__RECORDS FOR PROCESSING__
───
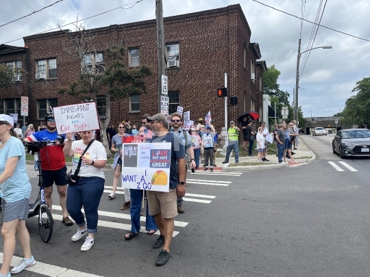 Norfolk, VA, USA - 06-14-2025 Demonstrators taking part in an anti-President Donald Trump no king demonstration in downtown Norfolk city in southeast Virginia, USA.
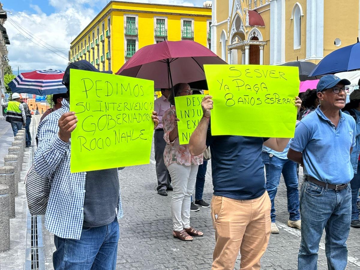 Como parte de la protesta, bloquearon de manera intermitente la calle Juan de la Luz Enríquez. Denunciaron que el gobierno estatal mantiene pendiente el pago de más de 58 millones de pesos a 90 exempleados que aún no han recibido su liquidación.
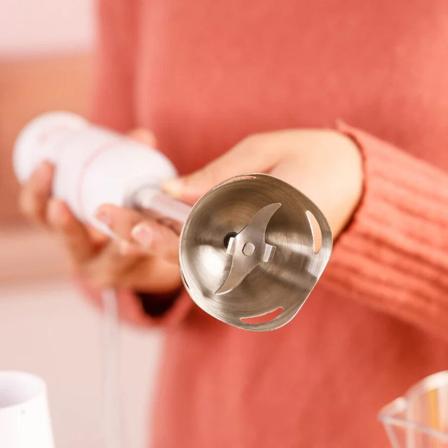 - obsahuje kompletní sadu příslušenství: mixovací noha, šlehací metla, sekáček, vysoká nádoba s odměrkou
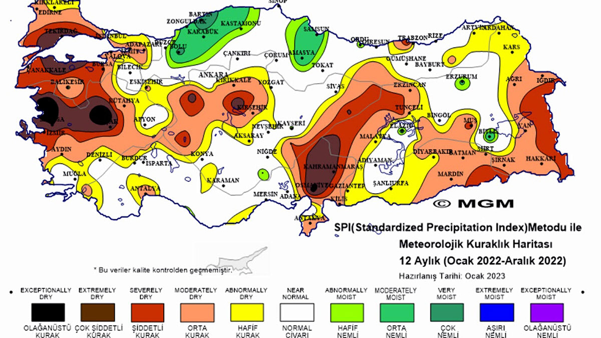 Çevre, Şehircilik ve İklim Değişikliği Bakanlığı Meteoroloji Genel Müdürlüğü Meteorolojik Kuraklık Haritası 12 aylık dönem verilerinde İzmir’in bir bölümünün ‘çok şiddetli kuraklık’, diğer bölümünün ise ‘şiddetli kuraklık’ yaşadığı gözlemlendi.
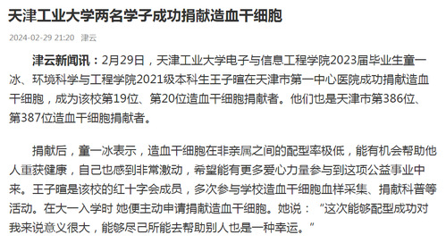 津云新闻讯:2月29日,天津工业大学电子与信息工程学院2023届毕业生童一冰、环境科学与工程学院2021级本科生王子暄在天津市第一中心医院成功捐献造血干细胞,成为该校第19位、第20位造血干细胞捐献者。他们也是天津市第386位、第387位造血干细胞捐献者。
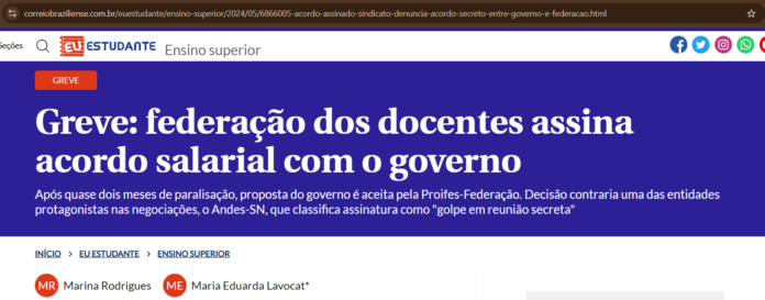 A decisão golpista do Proifes foi notícia nacionalmente, no Correio Braziliense e no Brasil de Fato. Nas notícias, foi destacada a proposta do SINASEFE e ANDES, de reajuste de 7,06% ainda em 2024, de 9% em janeiro de 2025, e de 5,16% para 2026, valor superior ao assinado pelo Proifes.
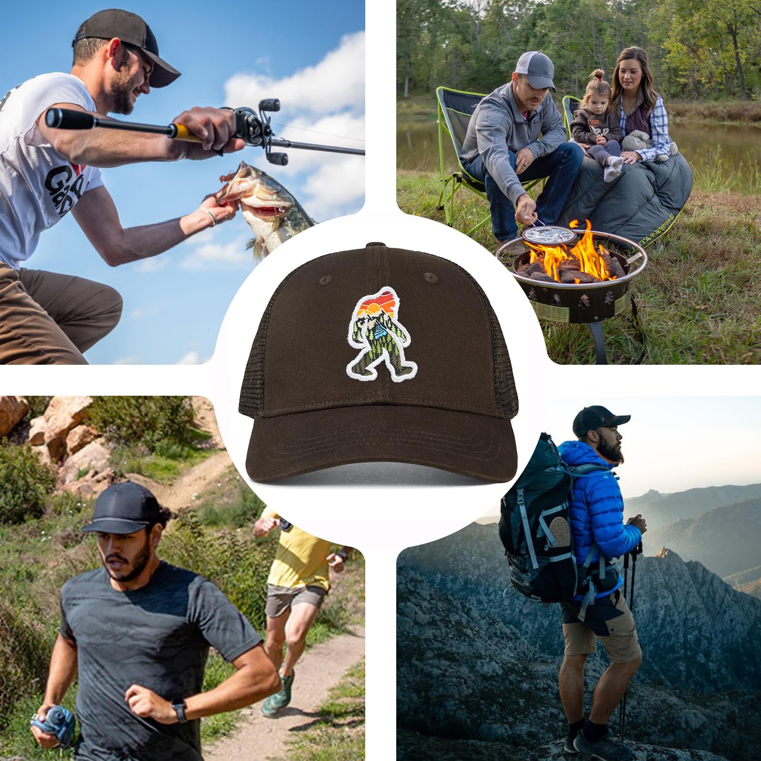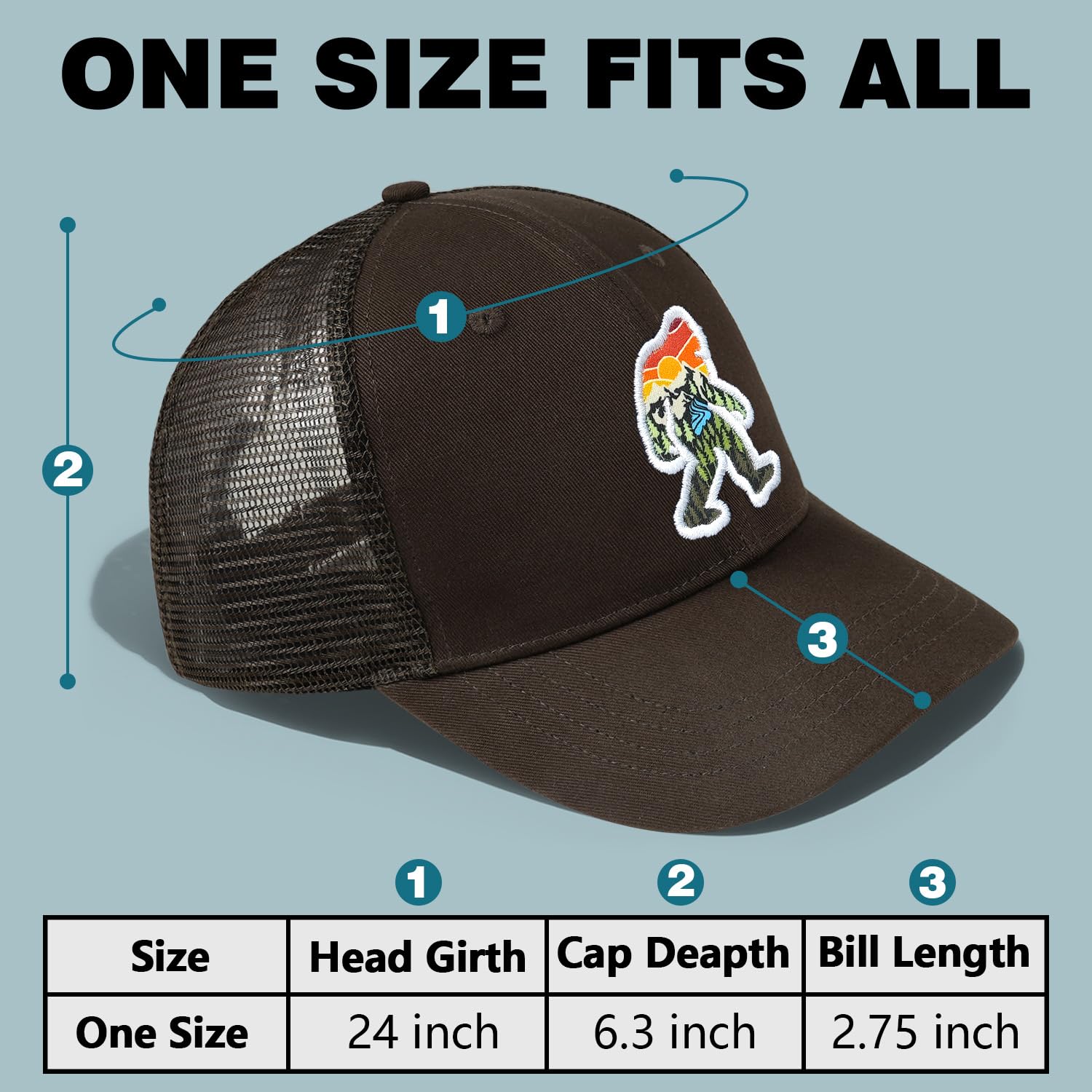 Breathable Mesh Back&Soft Sweatband: The mesh back of our Sasquatch hat is designed for breathability and comfort, making the Bigfoot hat perfect for long hours of wear. The Sasquatch hat's soft cotton sweatband feels great against your skin and allows for easy movement. This essential accessory prevents sweat from dripping into your eyes when outdoors.
───
Your answer must be an exact copy of the listing, minus its pictures.

__EXERCISE OUTPUT__
 Norfolk, VA, USA - 06-14-2025 Demonstrators taking part in an anti-President Donald Trump no king demonstration in downtown Norfolk city in southeast Virginia, USA.
 Como parte de la protesta, bloquearon de manera intermitente la calle Juan de la Luz Enríquez. Denunciaron que el gobierno estatal mantiene pendiente el pago de más de 58 millones de pesos a 90 exempleados que aún no han recibido su liquidación.
 - obsahuje kompletní sadu příslušenství: mixovací noha, šlehací metla, sekáček, vysoká nádoba s odměrkou
 Çevre, Şehircilik ve İklim Değişikliği Bakanlığı Meteoroloji Genel Müdürlüğü Meteorolojik Kuraklık Haritası 12 aylık dönem verilerinde İzmir’in bir bölümünün ‘çok şiddetli kuraklık’, diğer bölümünün ise ‘şiddetli kuraklık’ yaşadığı gözlemlendi.
 津云新闻讯:2月29日,天津工业大学电子与信息工程学院2023届毕业生童一冰、环境科学与工程学院2021级本科生王子暄在天津市第一中心医院成功捐献造血干细胞,成为该校第19位、第20位造血干细胞捐献者。他们也是天津市第386位、第387位造血干细胞捐献者。
 A decisão golpista do Proifes foi notícia nacionalmente, no Correio Braziliense e no Brasil de Fato. Nas notícias, foi destacada a proposta do SINASEFE e ANDES, de reajuste de 7,06% ainda em 2024, de 9% em janeiro de 2025, e de 5,16% para 2026, valor superior ao assinado pelo Proifes.
 Breathable Mesh Back&Soft Sweatband: The mesh back of our Sasquatch hat is designed for breathability and comfort, making the Bigfoot hat perfect for long hours of wear. The Sasquatch hat's soft cotton sweatband feels great against your skin and allows for easy movement. This essential accessory prevents sweat from dripping into your eyes when outdoors.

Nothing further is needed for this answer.